The same applies to storage. Every single IO needs to be identified, documented, analysed and learned from to improve the next one, and the next one, and the next one. Analysing all kinds of IO patterns and improving them over time is the basis of storage machine learning. The first level of this technology is embedding this automated mechanism in every system on its own, learning the workload patterns running on top of it and improving service dramatically over time. 

The second level, and the most interesting one, is to take all these patterns from all the systems in the world, merge them into a single place, cross learning from it to constantly improve and optimise the machine learning algorithms. Measuring and analysing cache hits and cache misses, learning and changing methods of data placement, improving pre-fetch mechanisms by learning their effectiveness, re-organising data to improve accessibility and many other learnable IO patterns were just waiting for these unlimited improvements. 

Utilising every pattern differently and providing it with the best dedicated service that suits it specifically, allows this smart architecture to serve all kinds of IO patterns, no matter what they are, in the same system. Many different kinds of workloads can run together on the same platform and each and every one of them will be served exactly, no more no less, according to its needs. One storage fits all.
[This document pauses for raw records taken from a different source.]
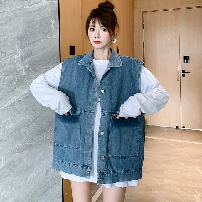 デニム ベスト ジャケット レディース 襟付き オーバーサイズ ノースリーブ プラスサイズ オシャレ お洒落 Iライン ストレート かわいい 大人可愛い 20代 30代 40代 着回し 重ね着 シンプル カジュアル ラフ ジレ チョッキ 無地 ブルー 青 ブリーチ 色落ち 体型カバー 着痩せ 細見え ゆったり 大きめ М L XL 2XL 3XL 4XL 大きいサイズ 春 秋 冬 抜け感 ルーズ こなれ感 休日 ショッピング 公園 買い物 前開き ポケット クール かっこいい ボーイッシュ ストリート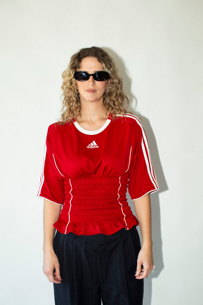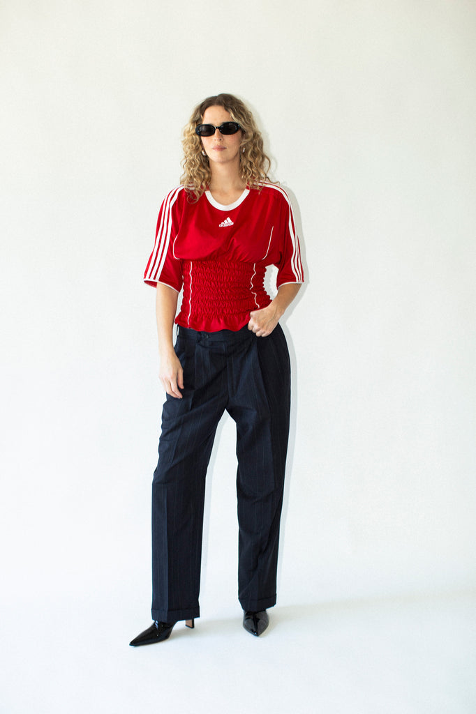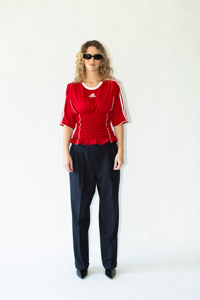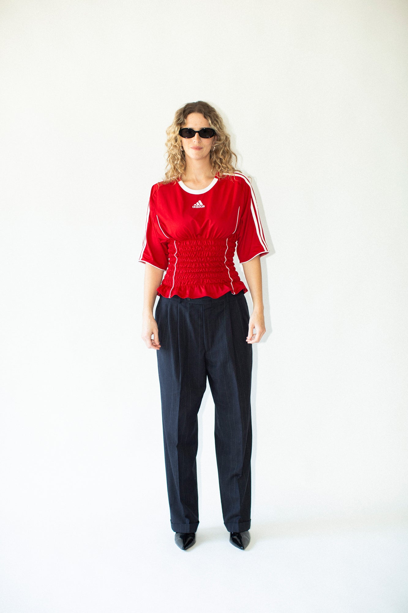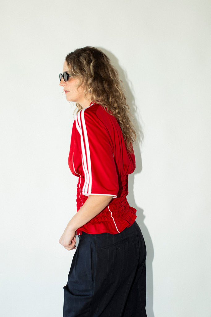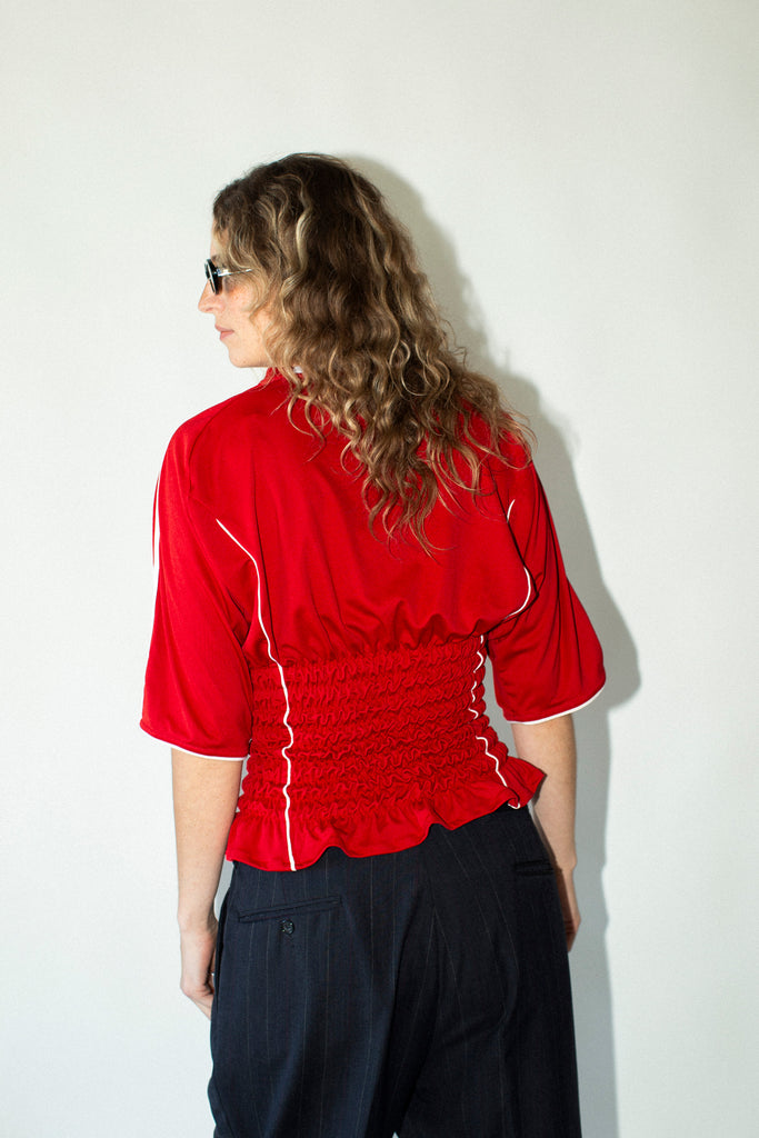 Created in collaboration with Makaila Hanley, our Smocked Jerseys are made from hand-selected, recycled athletic wear. Fitted below the bust, with a peplum hem, these tees are the perfect casual/cool look.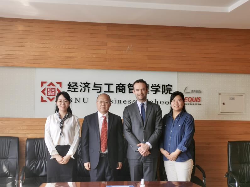 Associate Dean Cui Xuegang welcomed the arrival of President Du and his delegation and introduced the progress of our School in the aspects of students, faculty, scientific research and internationalization in recent years. President Matthieu Dumont expressed his pleasure to visit BNUBS again. He introduced the latest development of SKEMA Business School and hoped to further deepen and expand the cooperation based on the consolidation of the existing cooperation. Subsequently, the two sides have carried out in-depth discussions on the cooperation of short-term MBA programs, updating the existing framework agreement, further promoting the 3+2 bachelor and master double degree programs, 1+1 professional master double degree programs and other aspects.

Redundancy over redundancy

Hyper-storage is using many other technologies to maximise performance and availability. Let’s start by putting this on the table, the concept of physical RAID groups is dead. But for some inexplicable reason lots of storage vendors are still using it vastly. It is inefficient to say the least, creating limited resiliency coupling software and hardware together for no reason. Long rebuild processes are initiated with every drive failure. Processes that have a dramatic impact on performance, expose systems to data loss and create enormous pain points for every storage manager in the world. The same applies for ongoing performance. 

Coupling logical entities, such as LUNs and FSs, with a dedicated set of hardware components is limiting to say the least. As said, this is a thing of the past. The advanced hyper-storage mechanism is based on creating a massive amount of block level logical protection groups, completely decoupled from the hardware. It provides extremely high performing processes, running in mass parallelism on all components simultaneously in a completely balanced form.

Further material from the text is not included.